Thanks Jayda! I hope it goes well too! I will try my best to get some decent pics!! 


Sent from my iPhone using Petguide.com Free App


----------



## prettylola (Nov 13, 2012)

Adorable. I love the Santa dress. I bet your baby is so cute in it


----------



## ~LS~ (Oct 29, 2011)

Zorana, I was about to tell you that I'm very disappointed you did not post
pictures of my darling pups(sorry, "_your _darling pups") in their outfits...but I
got to see a bit of you, so all is good.


----------



## pupluv168 (Mar 7, 2012)

Very cute!


Sent from my iPhone using Petguide.com App


----------



## Zorana1125 (Oct 24, 2010)

Thanks Ash! 
LS, I was hoping you wouldn't have noticed me! I just woke up, still in pjs, hair everywhere and mascara under my eyes like a football player! Lolololol 


Sent from my iPhone using Petguide.com Free App


----------



## TLI (Sep 3, 2008)

Those outfits are adorable!! I LOVE that dress!!


----------



## intent2smile (Dec 4, 2011)

Those are adorable outfits!!

I have looked and looked for a Christmas outfit for Jaxx that I like. I found one the other day at Petsmart but they only had one XS and some lady grabbed it out of my hands.


----------



## Zorana1125 (Oct 24, 2010)

intent2smile said:


> Those are adorable outfits!!
> 
> I have looked and looked for a Christmas outfit for Jaxx that I like. I found one the other day at Petsmart but they only had one XS and some lady grabbed it out of my hands.
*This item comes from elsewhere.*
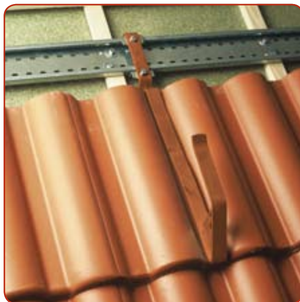
MultiValRichting veiligheidssysteem op betondakpannen

De afdeling Dakservice van MONIER kan u adviseren inzake het aanbrengen van veiligheidsvoorzieningen op hellende daken.

Ughhhh how rude!! People are crazy! Try Walmart, Pigdeonsheep found really cute sweaters there for super cheap!! 


Sent from my iPhone using Petguide.com Free App


----------



## intent2smile (Dec 4, 2011)

Zorana1125 said:


> Ughhhh how rude!! People are crazy! Try Walmart, Pigdeonsheep found really cute sweaters there for super cheap!!
> 
> 
> Sent from my iPhone using Petguide.com Free App


I am not sure if the stores in our town just didn't get much Christmas stuff for pets this year or I started looking too late although I started before Dec. 1st.

I have checked all 3 Wal Marts in our area, Target, Petsmart, CVS, and even a couple Petcos and Petsmart in Dallas. None of them had anything for boys. Some of them had some really cute things for girls though.


----------



## nabi (Nov 25, 2004)

They are going to look marvelous...very festive !


----------